Jonathan Hall QC, the UK’s independent assessor of terrorism law, questioned why former soldier Khalife, 21, was placed in HMP Wandsworth, a category B prison in south London, after being charged with a crime against the state as potential spy for Iran.
He is said to have escaped on Wednesday morning by tying himself to the bottom of a van after leaving the prison kitchen in a chef’s uniform.
Alex Chalk, the justice secretary, has ordered a report into whether Khalife’s security level was appropriately graded to place him in a category B prison rather than a category A, like the high-security Belmarsh prison in the south-east from London.
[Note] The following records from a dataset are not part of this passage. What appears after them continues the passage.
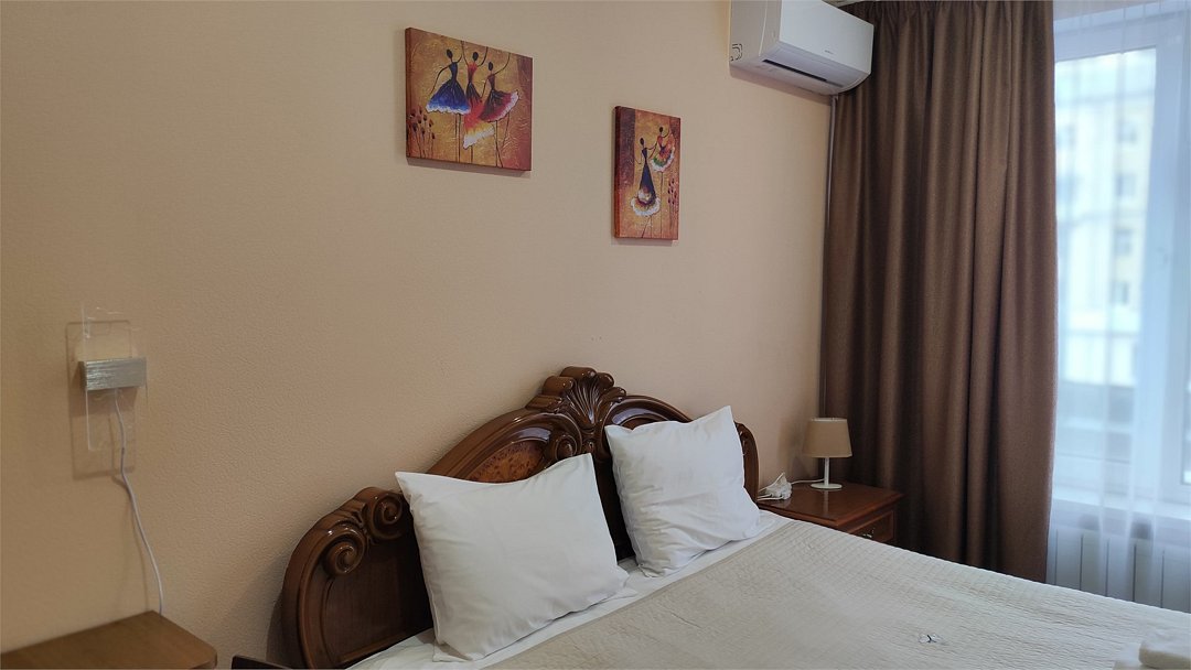Wi-Fi, холодильник, настольные лампы, фен, вентилятор, микроволновая печь, обогреватель, банные полотенца, гигиенические средства, двуспальная кровать, гладильная доска, стулья, шкаф для одежды, вешалки, зеркало, набор посуды, чайник, унитаз, раковина, отопление, душ, кулер на этаже, стаканы, столовые приборы, стол, тумба, туалетные средства, сплит-система, телевизор с плоским экраном, шкаф-купе, номер для некурящих, бутилированная вода, без питомцевВ номере
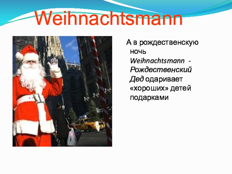 Слайд 25 А в рождественскую ночь Weihnachtsmann - Рождественский Дед одаривает «хороших»
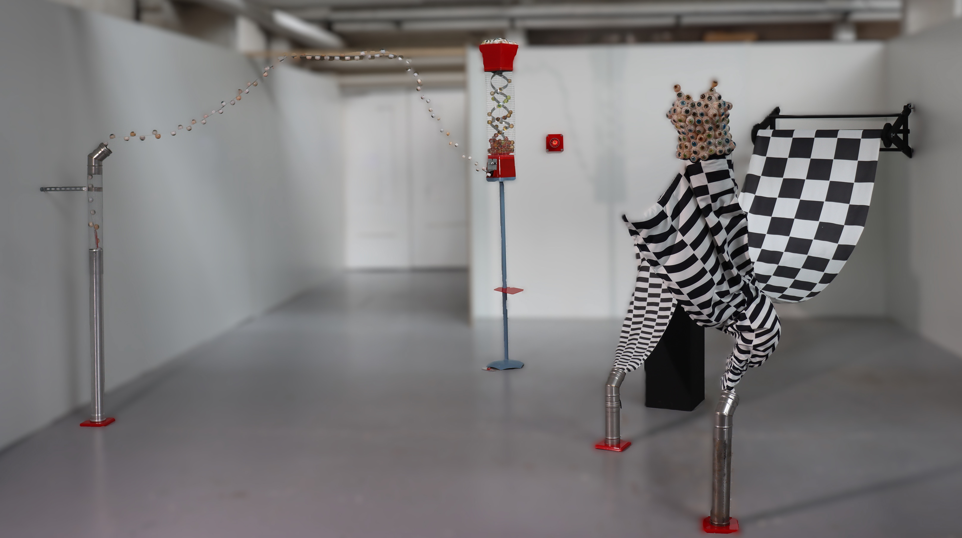 The use of stark black-and-white chequered pattern contrasts with the softness of sweeping fabric and padded textile forms. The use of hard steel piping, construction fixings and mesh combine with the soft textile elements to create space for a conversation about life journey, inherited roles and personal transformation.
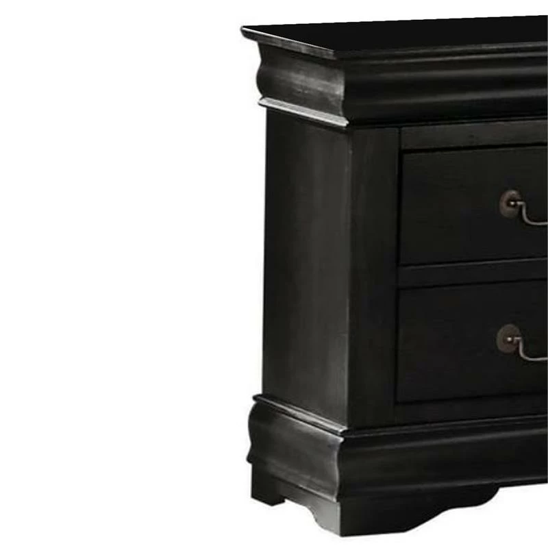 This nightstand’s vintage inspired details add storage with traditional appeal to any bedroom space. Constructed of select veneers and hardwood solids in a black finish, the spacious nightstand offers two drawers for you to store your reading books, reading glasses, and other belongings at an arms length away when you are in bed. Complete with shaped molding, bracket feet, and antique bronze color bail hardware, the nightstand has relaxed yet timeless style. Note: other featured items in image except this nightstand are sold separately.

Mr Hall said that, unlike many other terrorists, anyone accused of espionage could have access to a network of supporters linked to a hostile state.
Power that is not open to other terrorists
“You would wonder: Can they get help? Is it possible that he is part of a network that has a capacity that is not open to other terrorists,” he said. “I would have thought that someone accused of espionage should be held more securely.”
The ex-Signals soldier, formally based at Beacon Barracks in Stafford, was charged in January with breaching the Official Secrets Act by allegedly committing ‘an act prejudicial to the security or interests’ of Britain in a plot allegedly linked to an enemy nation. .
Khalife, born in Britain but with Middle Eastern heritage, is said to have collected details that “could be useful to an enemy” between May 2019 and January 2022.
He was also accused of eliciting information about members of the armed forces useful for terrorism by capturing personal data from the Defense Department’s joint personnel administration system on August 2, 2021.
Khalife was arrested on January 2 this year after allegedly planting fake bombs – three canisters of wires – on a desk in his barracks.
Security flaws
The soldier was discharged from the military when he faced criminal charges of committing a bomb fraud “with the intent to induce in another person the belief that the said objects were likely to explode or ignite.”
Since his arrest, judges have refused to grant the terror suspect bail ahead of his trial at Woolwich Crown Court on November 20. Khalife was last seen in public at the Old Bailey in July when he denied all three charges.
Mr Chalk has also ordered an investigation into security failures that allowed Khalife to escape and whether all prisoners at Wandsworth have been properly categorized. There will also be a review of all 271 terrorist prisoners in English and Welsh prisons to determine whether they are being held in the correct prisons.